A child sat down beside her and leaned against her shoulder. One by one the other people sat down beside the road, or on it, or wandered away into the adjoining fields. They were happy, and Aisling was, too. Whatever happened happened, and at least she would be facing it with a clear conscience.

68

Aidan reversed to the sideboard and collected two shot glasses. He put them on the table and returned for the bottle, never once taking his left hand out of his pocket or his eyes off Donal.

Donal reached for the glasses, but Aidan snatched them up from the table.

‘Whoa, whoa,’ he said, hugging them to his chest like a small child with a bag of sweets. ‘What do you think you’re doing?’

‘You can’t take part in a contest and be the referee as well,’ said Donal. ‘I’ll pour the drinks and hand them out.’

Aidan stared at him suspiciously.

‘He’s right, Aidan,’ said Jenny. ‘You can’t have it all your own way.’

Aidan set down the bottle and the glasses. ‘No funny business, then,’ he said. ‘Equal measures. And you pour them right in front of me, there on the table.’

‘OK by me,’ said Donal. ‘Is that OK by you, Dad?’

‘Fine by me,’ said JJ, although the whole thing was anything but fine by him.

Donal picked up the bottle and, under Aidan’s eagle eye, poured two perfectly equal measures. Aidan reached for one of them but Donal put a hand over it.

‘Hold on a minute now,’ he said. ‘There’s something we need to sort out before we start.’

‘What’s that?’ said Aidan.

‘The key. And directions to the place where the children are being held. If you pass out, we won’t know where to find them.’

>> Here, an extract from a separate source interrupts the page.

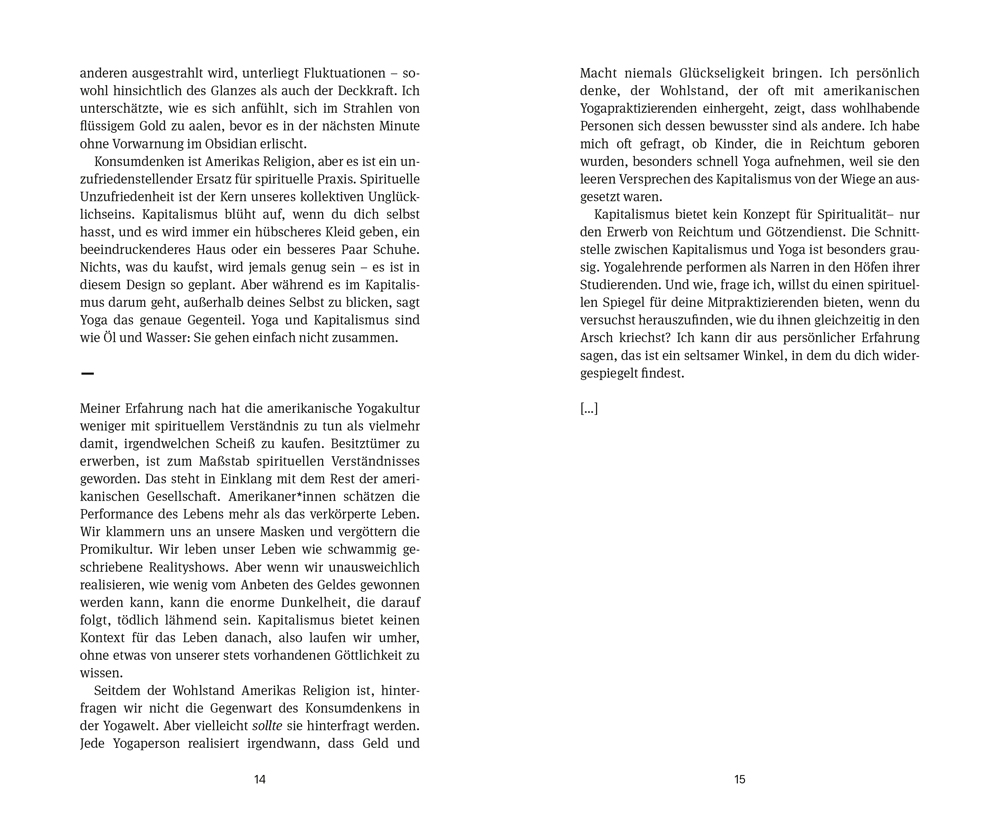 Scharfsinnig und ehrlich reflektiert Jessamyn Stanley ihre Geschichte: Sie erforscht sich selbst, vom Impostor-Syndrom über das Aufwachsen in einer streng gläubigen Familie und ihre Homosexualität bis hin zu der Frage, warum es ein Vollzeitjob ist, sich selbst zu lieben. Aber sie kritisiert auch eine oberflächliche, weiße Yogaindustrie, die lieber über die neuesten Styletrends diskutiert, als sich ihr überbordendes Weißsein einzugestehen. Eine Welt, in der Yoga mit Kapitalismus gleichgesetzt ist, die ihre eigenen Fehler (Stichwort: kulturelle Aneignung) und vor allem auch die (spirituellen) Traditionen des Yoga gekonnt ignoriert.
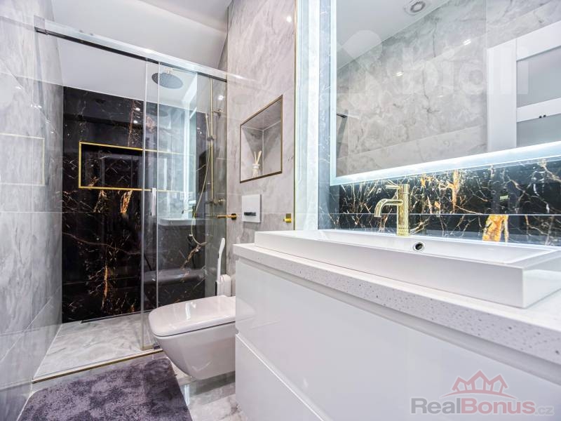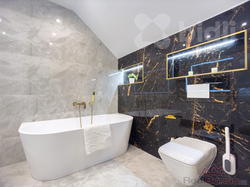 - mramorové prvky, dekorativní nástěnné lišty, vkusné stropní osvětlení ve všech částech domu

‘But I won’t pass out,’ said Aidan. ‘Never happened before. Won’t happen now.’

‘Then the deal’s off,’ said Donal. ‘No point in having a contest only one side can win.’

‘All right, all right,’ said Aidan. ‘But you don’t expect me to tell you now, do you?’

‘No,’ said Donal. ‘Write it down.’

‘Write it down?’

‘Yes. And sit on the piece of paper. If you fall, we take it. If you win, we never see it.’

Aidan looked carefully at Donal and then at Jenny. ‘No funny business, then. You haven’t forgotten the other thing, have you? The thing in my pocket? Because it’s still there.’

‘What thing in your pocket?’ said JJ.

‘Don’t worry about it, Dad,’ said Donal. ‘We haven’t forgotten, Aidan.’

‘Right.’ Aidan took the writing pad and, without taking his left hand out of his pocket or his eyes off Donal,
wrote something on the top sheet, then tore it off and folded it.

‘And the key,’ said Jenny.

Aidan searched through the bunch of keys until he found the one he was looking for, then levered it off the ring. He wrapped it in the handwritten note, then put the little package into his back pocket. ‘Happy now?’ he said. ‘Are we finally ready?’

Donal handed one of the glasses to Aidan, then picked up the other one and turned towards JJ on the horse. The instant his back was to Aidan, he casually slopped at least half of the poitín on to the front of his jumper, where it made no impression at all on the soaking wet wool. JJ reached out his hand and Donal pushed the glass well into it, so JJ’s fingers closed right around it and hid the level of the drink.

‘Sláinte,’ said Aidan, throwing back his drink in one go. JJ followed suit, and his reaction left no doubt in anyone’s mind that there was poitín in that glass. It was throat-scorching stuff, and JJ coughed and gagged and waved his hand in front of his mouth as if he’d just bitten into a chilli pepper.

‘Nice stuff, eh, Dad?’ said Aidan. ‘We make it ourselves out the back, just like in the old days. It’s getting scarce now though, what with the shortage of spuds and all. You’re honoured to be getting a drink of it. I hope you appreciate it.’

JJ nodded weakly. His eyes were streaming and were
fixed with dread upon Donal, who was pouring the next round. But once again, as soon as he turned his back on Aidan, Donal spilled half the drink down his jumper. He did it with no sudden or obvious movements, just a careful tilt of his wrist at exactly the right moment. JJ wrapped his hand around the glass and raised it to his other son.